Directions: In the records below, find the line that contains "This is Amphenol" and the line that contains "We partnered with"; write out exactly those two lines and everything between them, without the pictures.

Records supplied:
◇ ◇ ◇ ◇ ◇ ◇ ◇

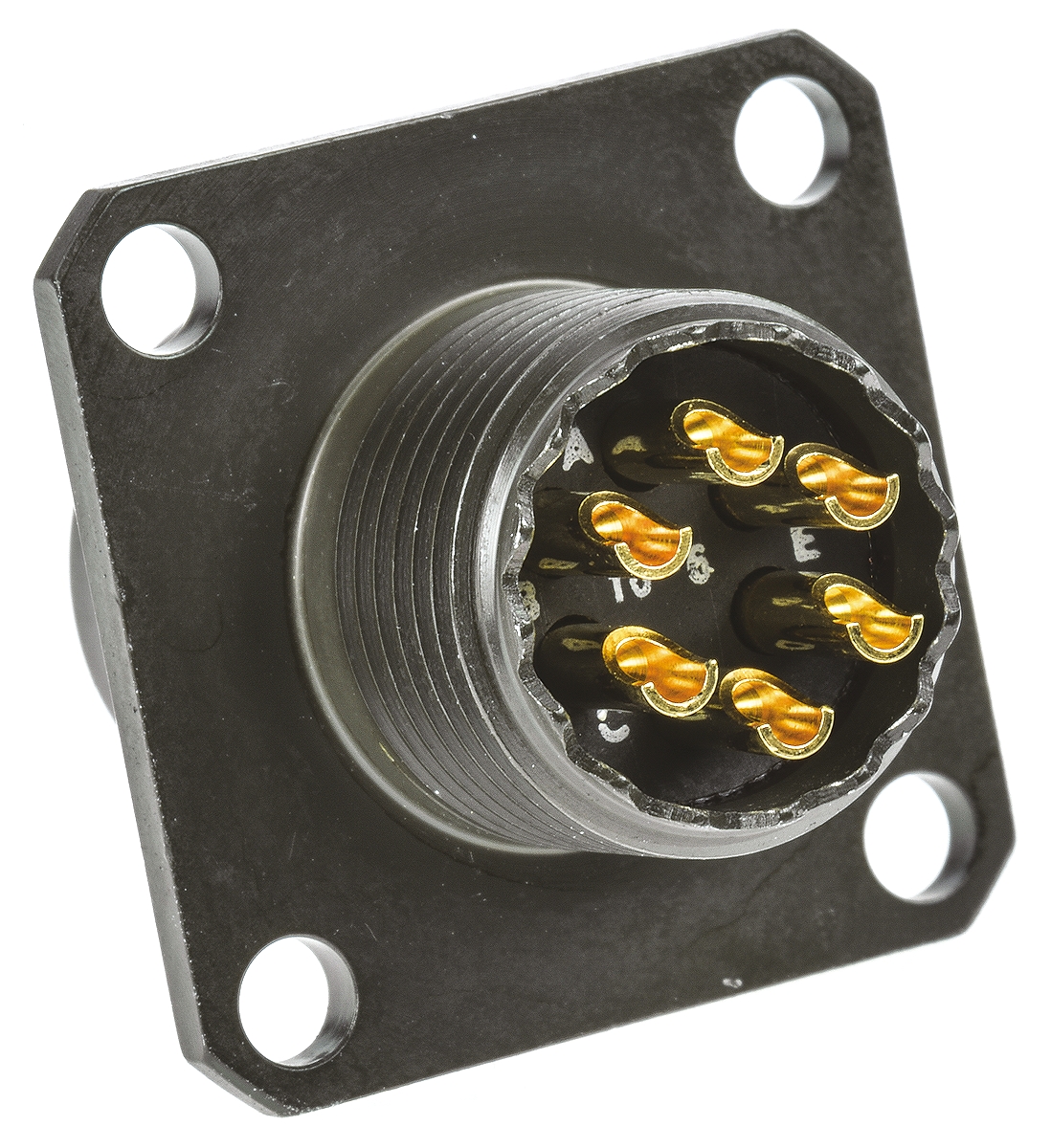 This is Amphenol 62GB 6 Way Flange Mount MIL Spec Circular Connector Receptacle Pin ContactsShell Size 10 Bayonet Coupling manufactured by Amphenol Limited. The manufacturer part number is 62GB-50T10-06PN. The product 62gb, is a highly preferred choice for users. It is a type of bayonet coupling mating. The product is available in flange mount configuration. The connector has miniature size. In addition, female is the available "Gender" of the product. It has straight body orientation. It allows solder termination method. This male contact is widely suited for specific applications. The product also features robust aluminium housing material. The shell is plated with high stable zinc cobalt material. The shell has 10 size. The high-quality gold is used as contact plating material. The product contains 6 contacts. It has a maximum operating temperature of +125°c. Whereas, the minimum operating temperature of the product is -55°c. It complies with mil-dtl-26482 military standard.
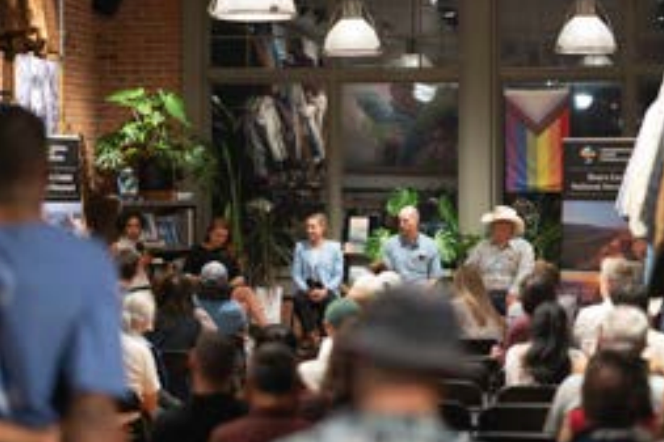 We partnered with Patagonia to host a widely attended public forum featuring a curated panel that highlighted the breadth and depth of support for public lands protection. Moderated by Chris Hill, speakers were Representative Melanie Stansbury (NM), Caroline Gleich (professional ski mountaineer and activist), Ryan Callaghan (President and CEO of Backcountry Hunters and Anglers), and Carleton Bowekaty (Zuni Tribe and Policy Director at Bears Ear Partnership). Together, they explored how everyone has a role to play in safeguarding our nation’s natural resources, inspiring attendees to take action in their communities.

◇ ◇ ◇ ◇ ◇ ◇ ◇

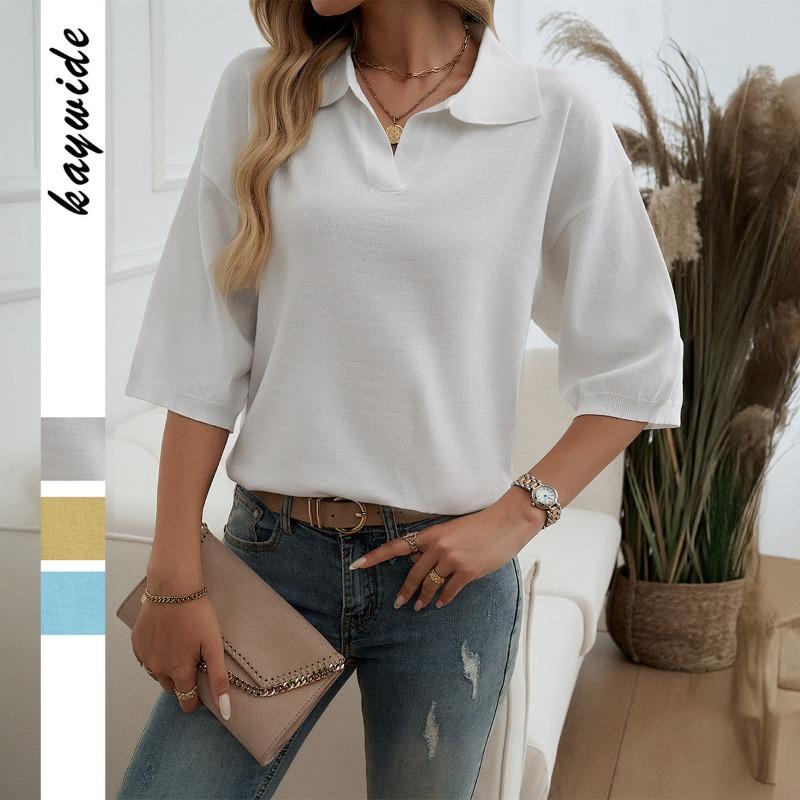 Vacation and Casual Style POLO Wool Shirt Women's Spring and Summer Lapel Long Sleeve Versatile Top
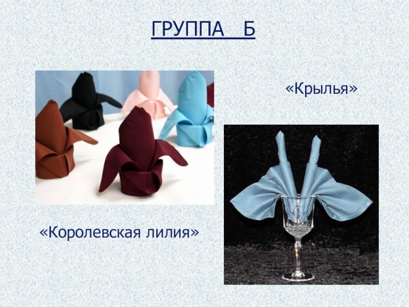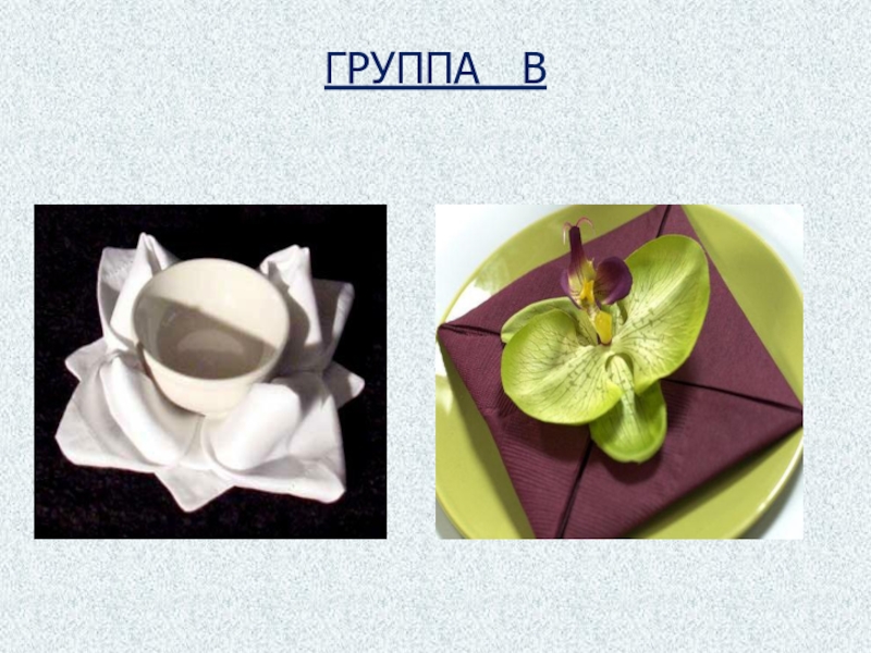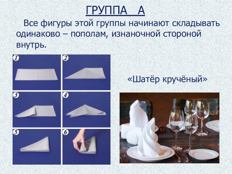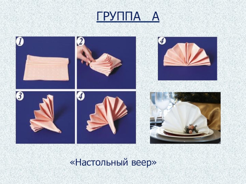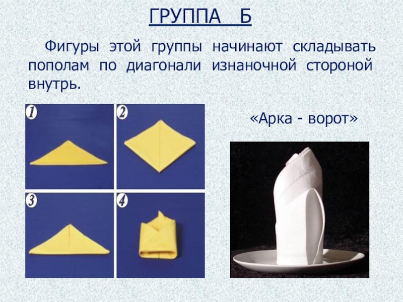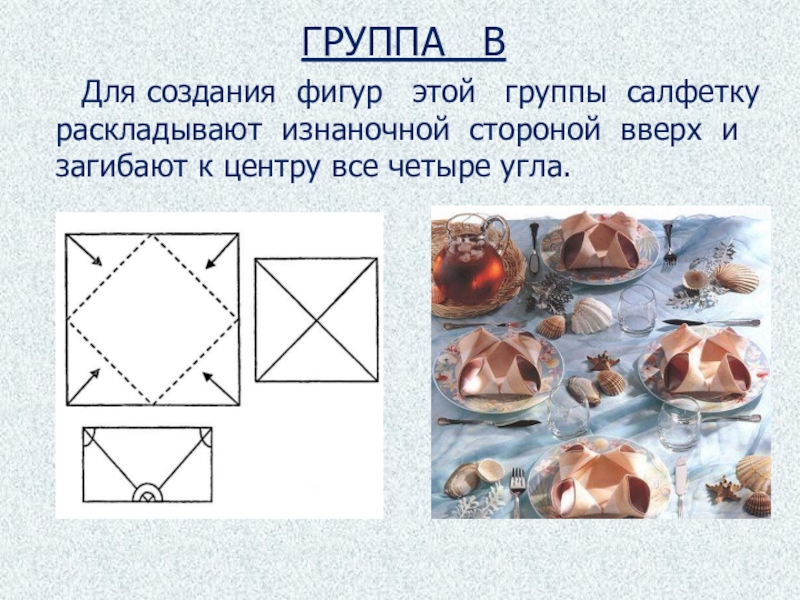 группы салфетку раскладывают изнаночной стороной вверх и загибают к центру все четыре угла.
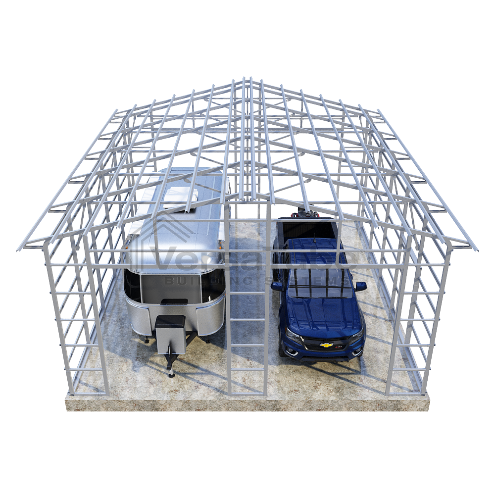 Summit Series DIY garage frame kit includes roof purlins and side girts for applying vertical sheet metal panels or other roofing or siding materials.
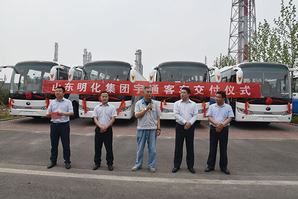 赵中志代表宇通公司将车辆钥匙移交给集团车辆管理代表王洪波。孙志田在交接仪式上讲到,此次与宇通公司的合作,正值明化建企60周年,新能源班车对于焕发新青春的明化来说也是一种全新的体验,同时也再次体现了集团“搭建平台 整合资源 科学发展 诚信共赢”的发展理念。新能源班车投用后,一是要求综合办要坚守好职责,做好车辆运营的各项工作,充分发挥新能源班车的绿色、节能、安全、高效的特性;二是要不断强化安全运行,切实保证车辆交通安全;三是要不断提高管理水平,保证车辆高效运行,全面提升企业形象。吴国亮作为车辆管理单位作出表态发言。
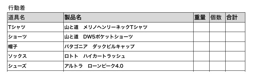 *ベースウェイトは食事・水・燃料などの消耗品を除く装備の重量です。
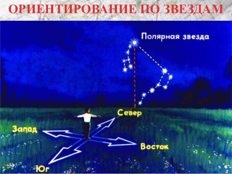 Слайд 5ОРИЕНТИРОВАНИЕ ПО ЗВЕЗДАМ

◇ ◇ ◇ ◇ ◇ ◇ ◇

Result of the exercise:
 This is Amphenol 62GB 6 Way Flange Mount MIL Spec Circular Connector Receptacle Pin ContactsShell Size 10 Bayonet Coupling manufactured by Amphenol Limited. The manufacturer part number is 62GB-50T10-06PN. The product 62gb, is a highly preferred choice for users. It is a type of bayonet coupling mating. The product is available in flange mount configuration. The connector has miniature size. In addition, female is the available "Gender" of the product. It has straight body orientation. It allows solder termination method. This male contact is widely suited for specific applications. The product also features robust aluminium housing material. The shell is plated with high stable zinc cobalt material. The shell has 10 size. The high-quality gold is used as contact plating material. The product contains 6 contacts. It has a maximum operating temperature of +125°c. Whereas, the minimum operating temperature of the product is -55°c. It complies with mil-dtl-26482 military standard.
 We partnered with Patagonia to host a widely attended public forum featuring a curated panel that highlighted the breadth and depth of support for public lands protection. Moderated by Chris Hill, speakers were Representative Melanie Stansbury (NM), Caroline Gleich (professional ski mountaineer and activist), Ryan Callaghan (President and CEO of Backcountry Hunters and Anglers), and Carleton Bowekaty (Zuni Tribe and Policy Director at Bears Ear Partnership). Together, they explored how everyone has a role to play in safeguarding our nation’s natural resources, inspiring attendees to take action in their communities.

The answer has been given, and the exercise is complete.